The distinction comes down to where the number lives. Root of Happiness prints it on the page: its Superior Vanuatu powder states 6.2% total kavalactones and a 425 chemotype right on the product listing, the instant states 5.81% and 462, and the Kava Shot states 500 mg of kavalactones per serving — backed by its own FDA-registered, cGMP-compliant facility, in-house CO2 extraction, and certificates of analysis issued through the American Kava Association. Bula Kava House takes the other route: it publishes a per-varietal certificate of analysis, linked from the product pages, and says it tests every batch of every kava at accredited independent labs for chemotype, total kavalactone percentage, and contaminants.
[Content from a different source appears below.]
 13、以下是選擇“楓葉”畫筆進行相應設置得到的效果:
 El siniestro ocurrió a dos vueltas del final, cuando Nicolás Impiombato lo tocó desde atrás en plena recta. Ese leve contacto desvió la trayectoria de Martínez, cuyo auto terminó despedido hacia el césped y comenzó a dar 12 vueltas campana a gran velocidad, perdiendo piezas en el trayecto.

One stamps the figure on the page; the other puts the lab sheet behind every lot. Both are legitimate. They're just not the same promise.
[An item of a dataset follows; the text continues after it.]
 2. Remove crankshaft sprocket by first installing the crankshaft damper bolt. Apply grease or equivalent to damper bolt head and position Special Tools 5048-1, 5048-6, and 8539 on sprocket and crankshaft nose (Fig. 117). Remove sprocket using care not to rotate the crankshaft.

Everything below was checked against both brands' own product pages, testing pages, and live listings in June 2026 — the disclosures, the formats, the origins, and the prices. To be clear up front: this is not a paid placement, and neither brand sponsored or reviewed it. Kava Review has no affiliate relationship with Bula Kava House at publication. We bought the question the way you would — which house, for which drinker — and answered it honestly, including where the honest answer is "it depends on what you want to verify." Usual ground rules: kava is for adults 21 and over, it can cause drowsiness, don't drive after drinking it, and if you take medications or are pregnant, talk to your doctor. None of this is medical advice — it's a buyer's comparison of two kava brands.
The short version
- Both brands clear our transparency check — which almost no one does — so this is a comparison of two honesty styles, not honesty versus hype. Root of Happiness stamps the kavalactone % and chemotype on the product page; Bula Kava House publishes a per-varietal certificate of analysis and tests every batch.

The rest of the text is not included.